Training: Only the Image Aligner parameters are updated; the AudioLDM 2 backbone (denoiser, VAE, vocoder) remains frozen. The model is trained on triplets (Artwork, Paired Music, Fixed Prompt) using a classifier-free guidance strategy with a negative prompt ("Low quality").

4. Experimental Results

Objective Metrics

The model was evaluated against baselines including AudioLDM 2 (text-to-audio), AudioLDM 2-Music, and Mozart's Touch (Image $\to$ Caption $\to$ Music).

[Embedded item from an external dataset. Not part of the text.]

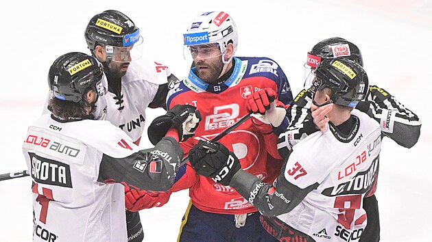 Pardubice'nin forvet oyuncusu Kaut, Spartalılar tarafından kuşatma altında.

FAD (Fréchet Audio Distance): Art2Mus (ImageBind) achieved the lowest FAD (13), indicating high perceptual realism, outperforming Mozart's Touch (19) and AudioLDM 2 (14).
KL-Divergence: Art2Mus showed competitive distributional similarity (0.00296).
IBSc (ImageBind Score): This metric measures cross-modal alignment.
- Art2Mus (ImageBind) achieved an IBSc of 0.203 (Artwork vs. Generated Music).
- While text-based baselines (like Mozart's Touch) achieved slightly higher alignment scores (0.216), the authors argue this is expected because text baselines benefit from explicit semantic supervision, whereas Art2Mus solves a strictly harder problem (direct visual-to-audio).

Subjective Evaluation

A study with 15 participants (musicians, artists, and general public) evaluated the generated music on quality, expressiveness, pertinence, and alignment.

Trade-off: ImageBind-based generations scored slightly higher on Audio Quality (clarity/stability), while CLIP-based generations scored higher on Expressiveness and Alignment (capturing emotional content).
Conclusion: Art2Mus achieves a strong trade-off, generating musically coherent and stylistically consistent outputs that reflect salient visual cues without relying on text.

5. Significance and Impact

Paradigm Shift: This work establishes direct visual-to-music generation as a viable and distinct research direction, moving away from the reliance on text as a semantic shortcut.
Preservation of Nuance: By bypassing the text bottleneck, Art2Mus preserves fine-grained stylistic and compositional details (e.g., brushstrokes, color gradients) that are often lost when an image is summarized into a caption.
Resource Availability: The release of ArtSound (105k pairs) provides a critical benchmark for future research in cross-modal creative generation, addressing the scarcity of large-scale artwork-music datasets.
Applications: The framework has significant potential for applications in cultural heritage (generating soundscapes for museums), multimedia art, and AI-assisted creative practice where artists wish to translate visual concepts directly into sound.

In summary, Art2Mus demonstrates that with the right architectural alignment and large-scale data, deep learning models can learn to "hear" visual art directly, opening new avenues for multimodal creativity beyond the constraints of language.